Solo travellers unite to make for pure poetry in Lisbon
2018-01-15 16:20:00 -


Deirdre Molloy’s Dance Odyssey

Dance Odyssey is a blog by Deirdre Molloy about a unique opportunity – a sabbatical to travel the world and dance for a year. Previously she stepped on the streets of San Sebastián and moved to the blues in Barcelona; this time she continues her adventures in Lisbon…

After a few days of staying local and catching up on chores, I took a stroll and lost myself in the laneways south of Graca, emerging at the mirador of Portas del Sol about noon. It’s like a plaza without walls – a large, public paved area, with a view over the city to the ocean-blue estuary. 

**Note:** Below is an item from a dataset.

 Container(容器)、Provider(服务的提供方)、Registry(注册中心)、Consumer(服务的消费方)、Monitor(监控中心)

There was a crowd: a TV crew shooting a talking head segment, buskers, a few African hawkers selling jewellery to tourists. The buskers were a three-piece band, drums, strings and vocals, playing reggae in the sunshine. I started grooving and danced solo for a few tunes – the sea breeze and the distant, sparkling waves danced with me.


I noticed one woman quietly appreciating the music, and I asked her if she was also a visitor in Lisbon. I learned that Liz was from Cuba, on her first day exploring this city. She had flown in from Angola, on her way to start a new life in Madrid. 

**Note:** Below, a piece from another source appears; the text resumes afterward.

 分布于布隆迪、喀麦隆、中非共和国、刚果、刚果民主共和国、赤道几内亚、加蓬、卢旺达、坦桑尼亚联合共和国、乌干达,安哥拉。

It was easy for us to chat because she is fluent in Spanish as well as Portuguese, so I invited her to join me for lunch. Then I danced some more. One of the tourists joined me and I linked arms with him. We capered around for a few bars, like happy drunks until the last song was over. 


While the band were packing up, Liz chatted to them and kissed them. Then she and I strolled back up the hill away from the tourist strip, to a secluded terrace I had spotted on the way down. I ordered chargrilled squid, and Liz let me taste her plate of delicious bacalao con natas.

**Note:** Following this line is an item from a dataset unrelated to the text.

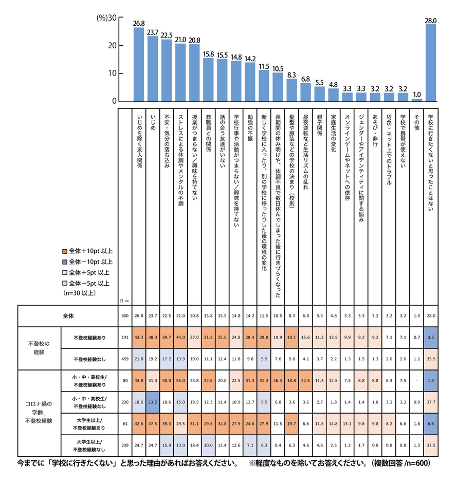 一方、大学生以上/不登校経験ありは「いじめ」「いじめを除く友人関係」「不安・気分の落ち込み」の順になっており、小・中・高校生との違いが見て取れます。

Liz is a flautist from Cuba; that’s why she connected so easily with the musicians she had only just met. And she was excited that she had lined up a jam with them for the next day. We talked about how music and dance bring people together, the universal language of feeling and creativity. I told Liz about my dance odyssey and she was warmly supportive, even admiring.


Then she shared her amazing story. Liz was invited from Cuba to play in a band in Angola three years before. The immigrant musicians were exploited without contracts, without pay, and without proper work visas by an impresario who used to be their friend. She had to escape from him, travel to another city many hours away and start a new life from zero, among strangers. Her talent served her well and she met good people who helped her.


Liz built up her music career by herself, teaching, playing bands. She said that while Angola was a tough place to live, she was proud of her professional success. She had even been featured on Angolan TV. 


After three years, Liz had saved enough money to fix up her visa situation, travel to Cuba to visit her son, and embark on a new life – in Madrid, where she has close friends. 


This was really day one of her new chapter. She hopes to bring her young son to Europe where she can offer him a better life than Angola would. “If I can make it in Angola, I can make it anywhere,” she said. “Damn right!” I replied. This is one strong woman.


Despite her resourcefulness and resilience, Liz still finds it tough to travel solo, to walk unfamiliar streets alone. She had cut short her original plan for a week in Lisbon so that she can be with her friends in Madrid sooner. Is Angola worth a visit, I asked. She almost laughed at the idea. While Angola has some beautiful landscapes, she said, it also has terrible litter problems … and no doubt many more issues that we didn’t have time to discuss. 


Liz encouraged me to visit Cuba and stay with her relatives. And we connected over poetry; Liz shared one of her poems with me. “It reminds me of you,” she said. Hopefully we’ll meet again.